My New Spring

92 6 44
                                    

~°•°~

Maret 2026,

Bagi kebanyakan orang ketika musim semi datang, mungkin itu sudah menjadi hal yang biasa. Musim dimana udara di negeri Gingseng ini mulai sedikit lebih hangat, ditambah dengan keindahan bunga-bunga sakura yang bermekaran.

Aku sangat suka musim semi. Bahkan rasanya aku nggak mau melewati musim semi dengan cepat. Aku suka udaranya, aku suka bunga sakura yang bermekaran, aku juga suka melihat suasana ketika banyak orang yang berpergian berlibur untuk mengabadikan momen musim semi. Terlepas dari itu semua, aku suka karena terlalu banyak kesan dan memori yang selalu aku dapat di musim semi.

Lee Seokmin.

Nama yang kalau aku pikirkan saja sudah membuat aku tersenyum. Dia pria yang mengingatkanku pada musim semi. Pria yang punya senyum manis yang kalau dideskripsikan itu seperti bunga sakura yang bermekaran sempurna di musim semi. Aku nggak berlebihan, memang begitu kenyataannya.

Aku dan Seokmin berpacaran saat awal musim semi datang, Maret 2017. Selain itu, kami berdua juga sama-sama suka musim semi. Jadi, setiap musim semi datang kami selalu melakukan hal-hal yang menyenangkan --yang tidak biasa kami lakukan.

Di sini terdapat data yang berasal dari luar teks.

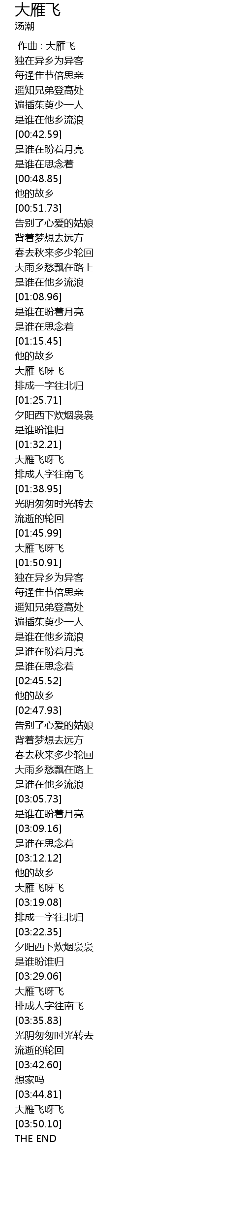 | [03:29.66] | 大雁飞呀飞 |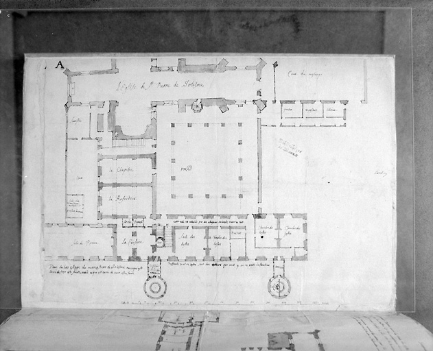 église ; cloître ; enclos ; salle capitulaire ; hôtellerie ; crypte ; cimetière ; jardin régulier ; logement ; atelier ; lavabo de cloître

Contohnya, kami akan pergi berlibur dan hunting foto. Kami juga pergi berkuliner. Sesekali pernah ikut pergi mendaki gunung yang pada akhirnya kami sama-sama kapok karena sekujur tubuh kami pegal-pegal. Pokoknya banyak momen dan kesan yang selalu kami dapat saat musim semi. Itulah kenapa setiap kali musim semi datang aku selalu teringat pada Seokmin.

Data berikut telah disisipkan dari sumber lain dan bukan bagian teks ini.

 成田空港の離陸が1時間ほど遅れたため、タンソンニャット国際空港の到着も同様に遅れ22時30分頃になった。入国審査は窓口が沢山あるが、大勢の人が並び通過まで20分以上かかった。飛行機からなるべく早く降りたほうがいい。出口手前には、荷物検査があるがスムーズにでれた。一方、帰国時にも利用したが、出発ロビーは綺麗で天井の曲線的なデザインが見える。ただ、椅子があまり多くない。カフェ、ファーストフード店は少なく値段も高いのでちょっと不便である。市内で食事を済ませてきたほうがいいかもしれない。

Seokmin itu pria yang tulus, bahkan mungkin sangat tulus. Dia nggak pernah marah, dia pria yang punya sikap lembut, mungkin aku saja bisa kalah lembut darinya. Tapi nggak menutup kemungkinan kalau dia juga bisa jadi pria yang menyebalkan, ya.

Pernah suatu kali saat aku dan Seokmin merayakan anniversarry kami yang kedua, kami pergi ke suatu restoran untuk makan di sana. Singkat cerita, saat makanan Seokmin datang ternyata berbeda dengan makanan yang dipesan.

Aku kesal, aku menyuruh pelayan restoran itu untuk menggantinya, tapi Seokmin malah menolak untuk makanan itu diganti. Jelas hal itu buat aku makin kesal. Tapi Seokmin malah bilang, "Udah nggak pa-pa, kasihan dia masih muda, pasti pikirannya lagi penuh sama tugas sekolah terus ditambah lagi dia juga harus kerja."

Seokmin selalu lebih dulu memikirkan orang lain ketimbang memikirkan dirinya sendiri. Dia pria yang nggak pernah gagal buat aku merasa gemas, tapi juga bersyukur memilikinya.

Pernah juga ketika kami sedang pergi berlibur musim semi, ada seseorang yang mungkin nggak sengaja menabrak mobil Seokmin. Orang itu keluar dari mobilnya, kupikir dia akan meminta maaf, tapi ternyata dia yang marah-marah.

Kalian tahu apa yang dilakukan Seokmin? Dia cuma diam sambil sedikit menjelaskan dengan baik pada orang itu kalau dia yang menabrak mobil Seokmin. Aku yang melihat Seokmin seperti itu jadi marah. Aku ingin memarahi orang itu tapi Seokmin justru menahanku.

Sepanjang perjalanan di mobil aku terus menyalahkan Seokmin, aku bilang Seokmin terlalu baik, harusnya Seokmin pukul saja orang itu, atau seharusnya Seokmin nggak perlu menahanku untuk memarahi orang itu.

Seokmin cuma bisa diam, tapi sambil sesekali tertawa melihatku terus mengoceh. Sampai saatnya aku diam karena capek mengoceh, lalu tangan Seokmin menggenggam tanganku dengan tangan satunya yang masih fokus menyetir, dan dia bilang, "Udah ngocehnya?"

"Maaf ya bikin kamu kesel. Aku cuma nggak mau hari kita jadi jelek cuma gara-gara orang itu."

"Aku tahu kok orang itu yang salah, cuma kalo aku ngerespon marah juga yang ada masalahnya makin besar, kan?"